The Coldplay CD is good. The reviewers are the insufferable ones.
Coldplay released its third album last month. You may have heard about it.
You may have heard so much about it, in fact, that you may feel you don't need to (or want to) hear the actual album--particularly if you read or heard about some of the high-profile pans the CD has picked up along the way, most notably in the New York Times.
The short lesson to be learned is, of course, don't believe everything you read. I am a knowledgeable and discerning music fan and to my ears, X&Y is a rich, satisfying collection of songs that manage to resonate far beyond their simple surfaces might suggest. I don't hear a weak tune on the disc, and more than a few--including "Talk," "White Shadows," "X&Y," and "The Hardest Part"--are memorably wonderful.
The longer lesson has to do with the fact that we have been muddling through a cultural age, for a couple of decades now, in which anything popular is mistrusted by a certain community of cultural commentators simply because it is popular.
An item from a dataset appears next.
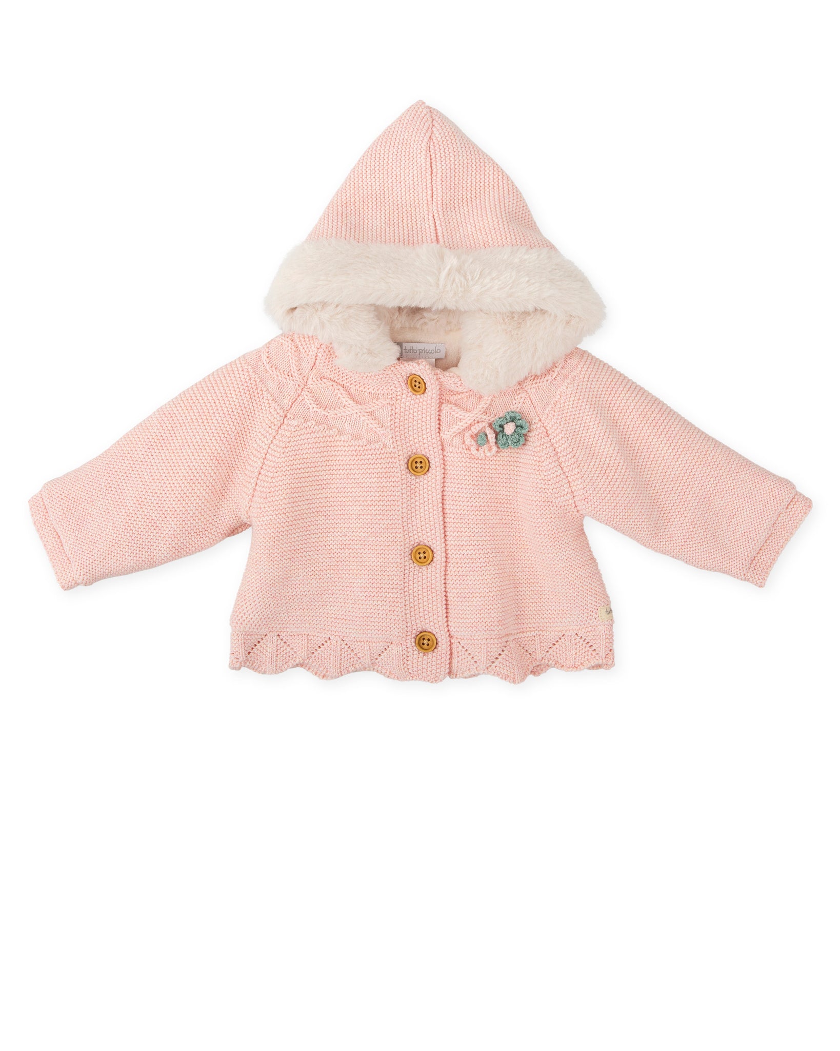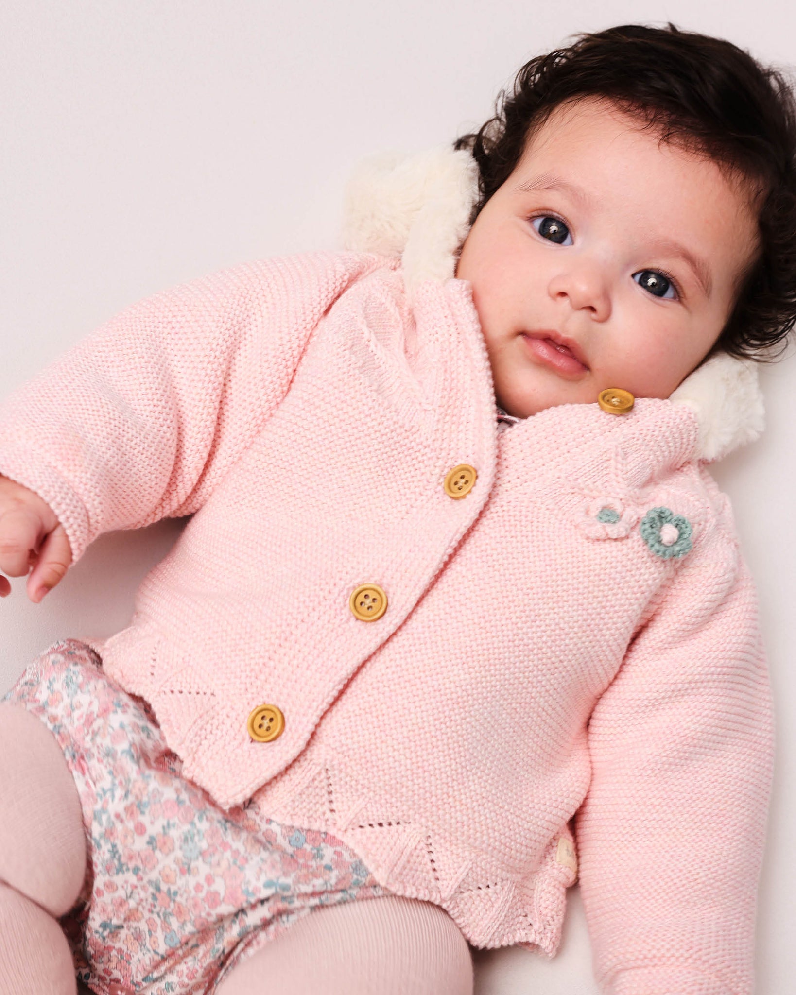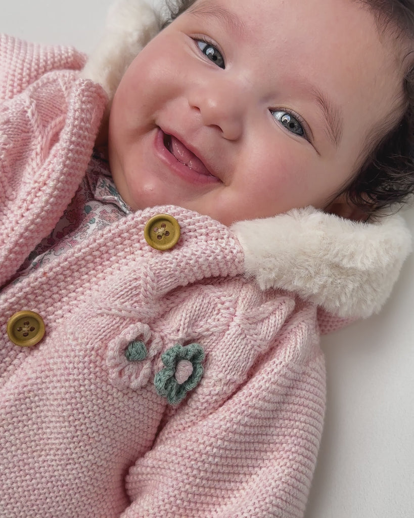 Wrap your little one in warmth and charm with this adorable knit hooded coat in soft pink. Fully lined with plush faux fur and detailed with delicate knit patterns and a mini floral accent on the chest, it combines elegance and comfort for chilly winter strolls. The front button closure makes dressing easy and secure.
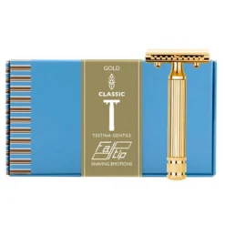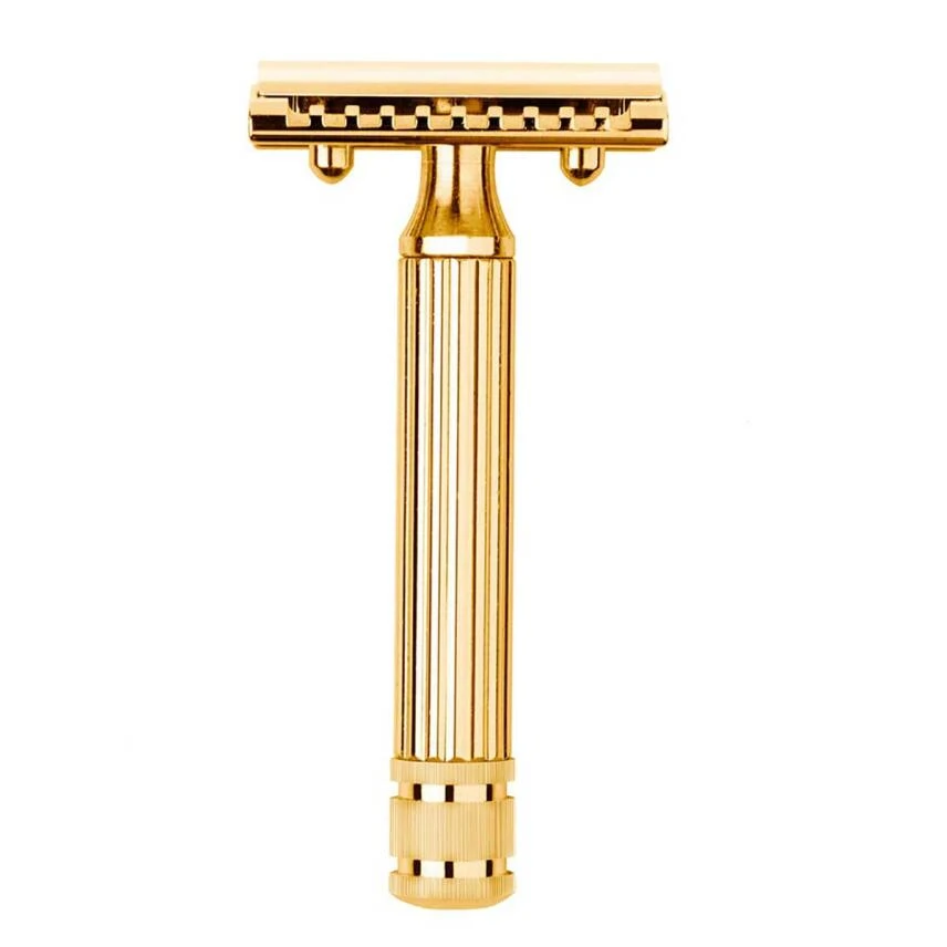 Der Fatip Klassiker in Gold für eine sanfte Rasur! Der Grande Safety Razor von Fatip ist ein hohler, leichtgewichtiger 3-teiliger Sicherheitsrasierer, der ausbalanciert und einfach zu bedienen ist. Er verfügt über Paspel-Details am Griff, ein poliertes Gold-Finish und einen geschlossenen Kamm für eine sanfte Rasur. Der Gold Metal Grande Rasierapparat ist ein stylischer, funktionaler Rasierer zu einem günstigen Preis.dambiro

And so after the huge and largely unanticipated success of the band's previous CD, A Rush of Blood to the Head, Coldplay was doomed--the hipsters could no longer find them hip and therefore X&Y was going to be labeled a failure no matter what.
In other words, had the band issued an experimental excursion (very unlikely, as that's not Coldplay's style), I can readily imagine how they would have been savaged as trying to be something they aren't; "Stick to your knitting!" they would have been scolded. Instead they stuck to their knitting and (wouldn't you know) they've been told how they sound too much the same.
The underlying problem is that bands in Coldplay's position basically stop being listened to. Reviewing X&Y, a few too many writers seemed happy enough to write about their own preconceived notions, unrecognized psychological dramas, and pet peeves rather than the notes and sounds on the CD.
No, the new CD is not a musical breakthrough; it does sound generally (but not slavishly) similar to the last album (although I think it's better). And no, it's not necessarily a classic for all time, although classic status is typically difficult to determine until a few years have gone by at least. But being neither wildly different nor an all-time classic is no reason for the CD to be attacked, even ridiculed, particularly as it was in The New York Times, where the reviewer deemed Chris Martin and company "the most insufferable band of the decade."